SUPPLIED MATERIAL:
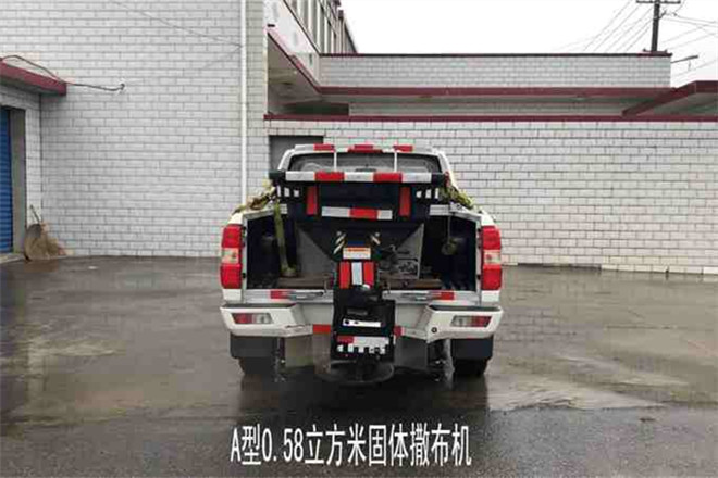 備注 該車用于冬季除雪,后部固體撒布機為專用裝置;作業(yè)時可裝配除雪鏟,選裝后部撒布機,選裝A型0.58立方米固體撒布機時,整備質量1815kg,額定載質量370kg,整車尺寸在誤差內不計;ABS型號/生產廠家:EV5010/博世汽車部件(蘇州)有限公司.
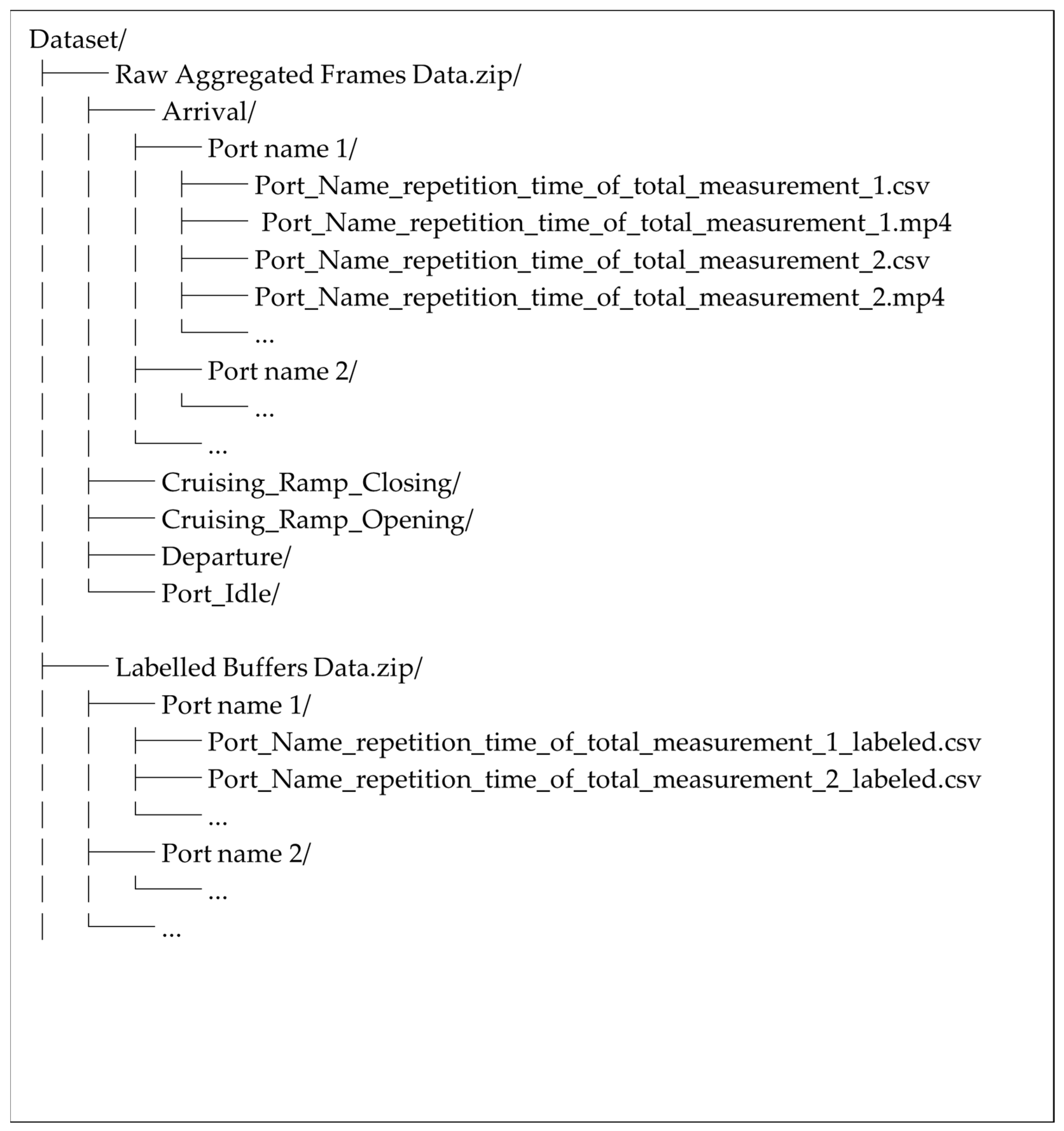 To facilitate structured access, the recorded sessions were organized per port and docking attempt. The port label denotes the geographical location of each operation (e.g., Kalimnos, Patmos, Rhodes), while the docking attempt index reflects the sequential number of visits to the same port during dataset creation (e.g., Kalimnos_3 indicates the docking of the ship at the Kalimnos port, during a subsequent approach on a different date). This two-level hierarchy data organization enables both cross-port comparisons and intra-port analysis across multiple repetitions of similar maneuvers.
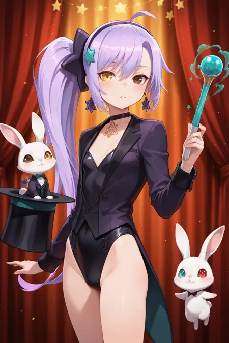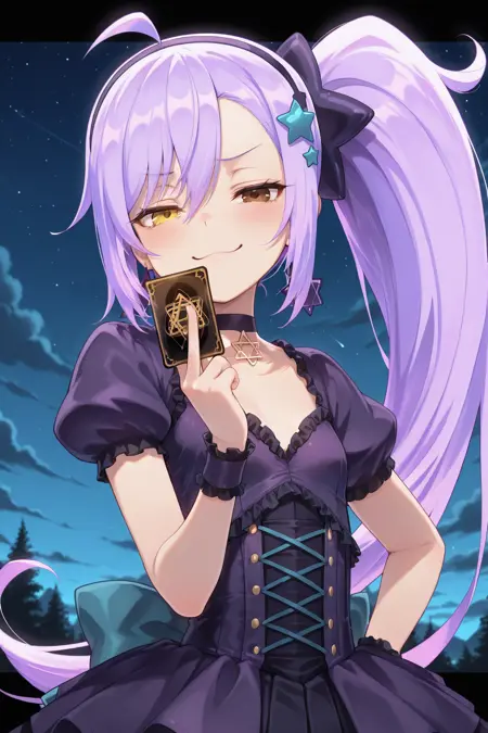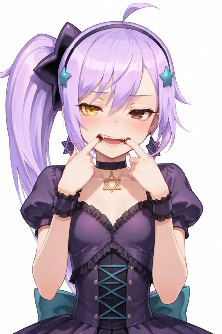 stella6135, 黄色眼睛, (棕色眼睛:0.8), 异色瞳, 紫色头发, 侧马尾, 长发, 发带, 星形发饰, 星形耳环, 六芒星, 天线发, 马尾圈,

THE TASK: Transcribe every line from the one containing "To facilitate structured" to the end of the listing, exactly and exclusively. Do not carry any picture over.

FINISHED TASK:
 To facilitate structured access, the recorded sessions were organized per port and docking attempt. The port label denotes the geographical location of each operation (e.g., Kalimnos, Patmos, Rhodes), while the docking attempt index reflects the sequential number of visits to the same port during dataset creation (e.g., Kalimnos_3 indicates the docking of the ship at the Kalimnos port, during a subsequent approach on a different date). This two-level hierarchy data organization enables both cross-port comparisons and intra-port analysis across multiple repetitions of similar maneuvers.
 stella6135, 黄色眼睛, (棕色眼睛:0.8), 异色瞳, 紫色头发, 侧马尾, 长发, 发带, 星形发饰, 星形耳环, 六芒星, 天线发, 马尾圈,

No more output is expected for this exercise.